A review by book_concierge
Griffin & Sabine: An Extraordinary Correspondence by Nick Bantock

5.0

I read this slim little novella when it first came out (and have a first edition). I was completely captivated and was thrilled that the feeling remains the same on my second reading.

Griffin Moss is an artist living in London. He produces a series of postcards that are beautifully illustrated with his artwork. One day he receives a cryptic postcard from Sabine Strohem, a woman living in the South Pacific island nation of Sicmon Islands. She asks him to send a particular postcard, and mentions an earlier version. But how could she know about that earlier version?

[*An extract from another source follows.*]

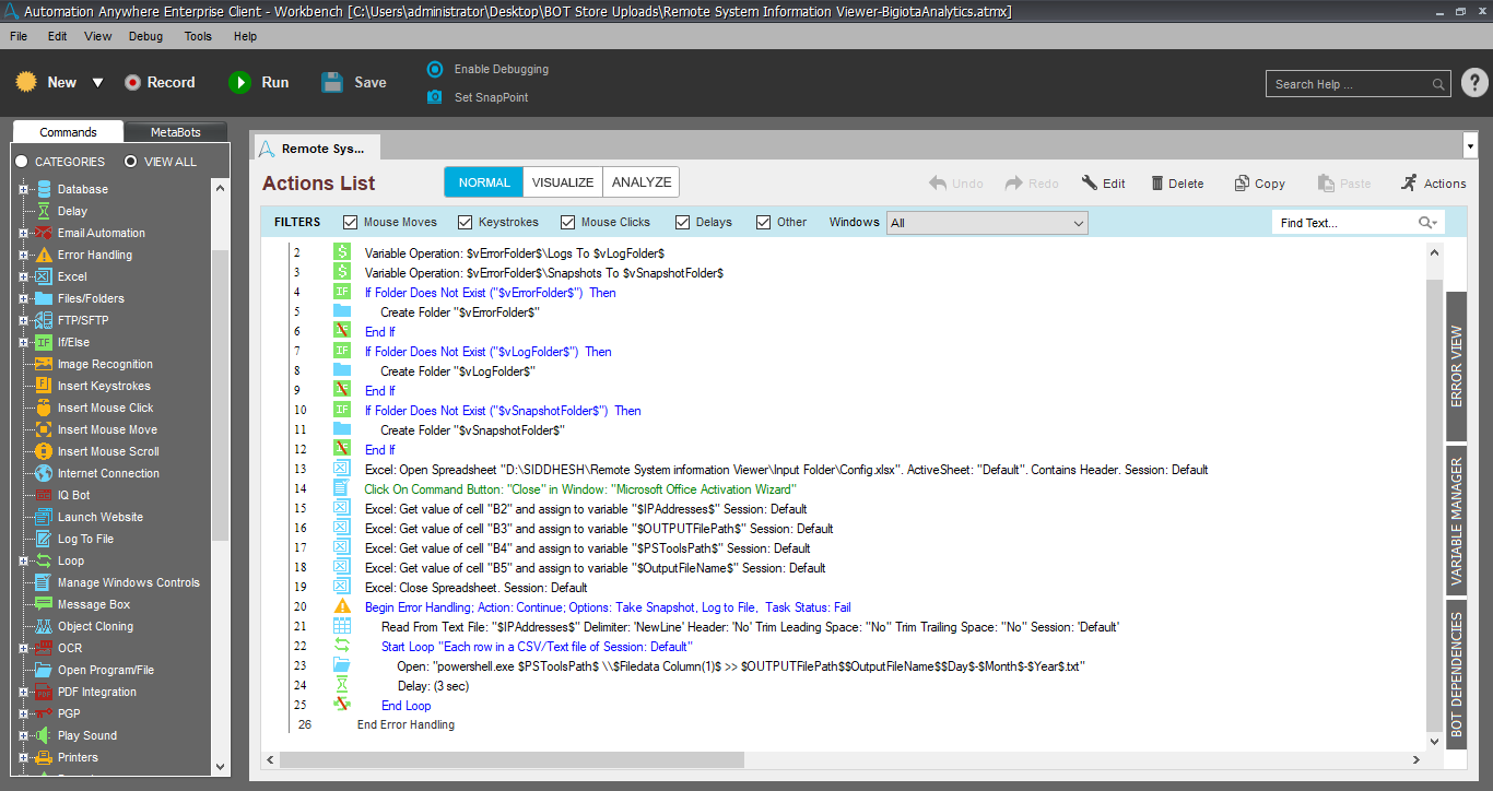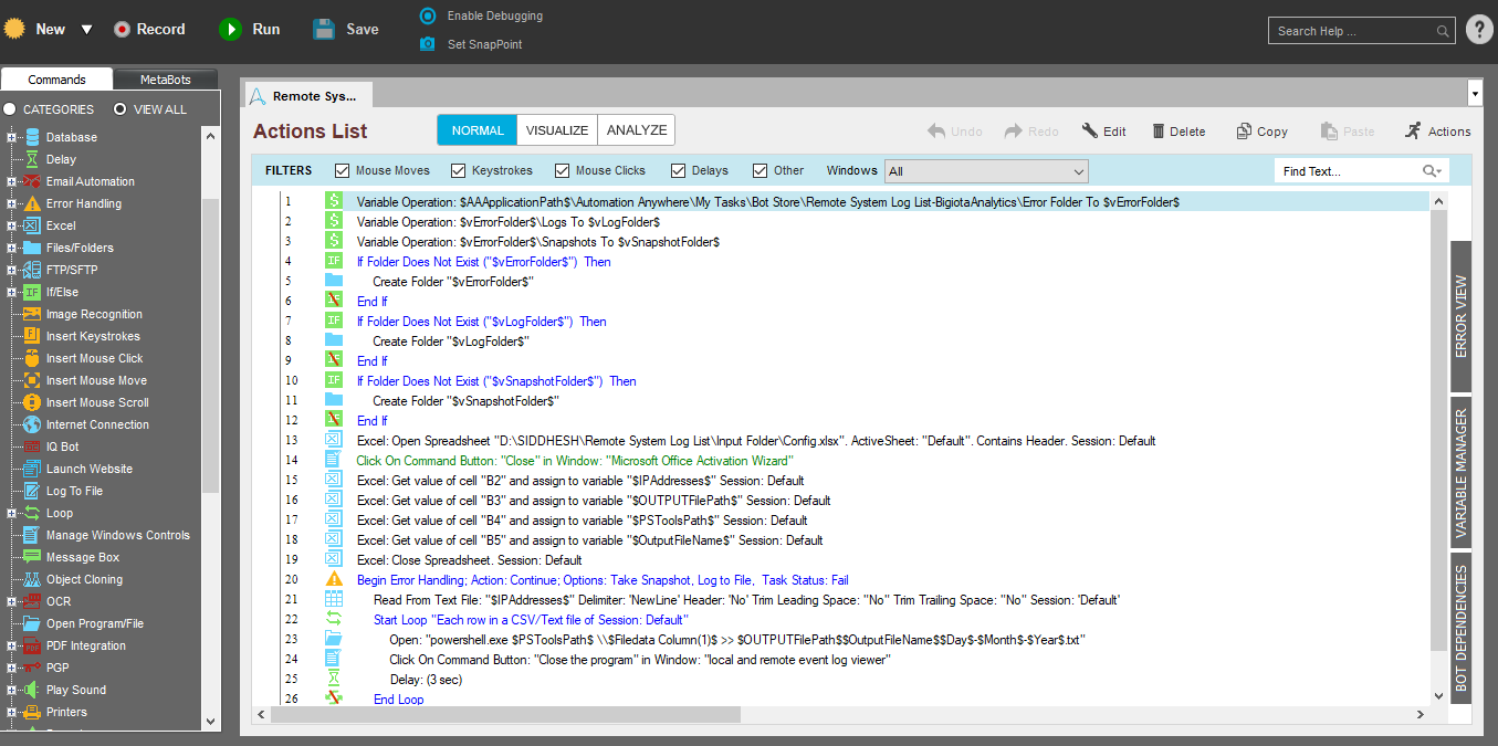 - Bot extract the system event log list from a remote system and stored the extracted data in excel or csv file. It also includes the security event logs, critical event logs.

Griffin never showed it to anyone and changed the design before ever producing the cards.

Thus begins an extraordinary correspondence between these two souls. Sabine explains that she has been seeing visions of his art for many years, though she cannot really explain why or how. He confesses he has felt “watched” but put it down to paranoia; now he feels exhilarated to have found her.

The reader feels as if she is eavesdropping on a particularly intimate exchange between two lovers as they learn more about each other and pour their hearts out in their letters and cards to one another. The illustrations begin as beautiful, colorful, drawings; Griffin’s are whimsical (a kangaroo in a red hat); Sabine’s focus on the island fauna. But as their correspondence continues the drawings become ever more fantastical and disturbing, hinting at madness and violence.

The ending takes the reader by surprise, and leaves one hanging, wanting more.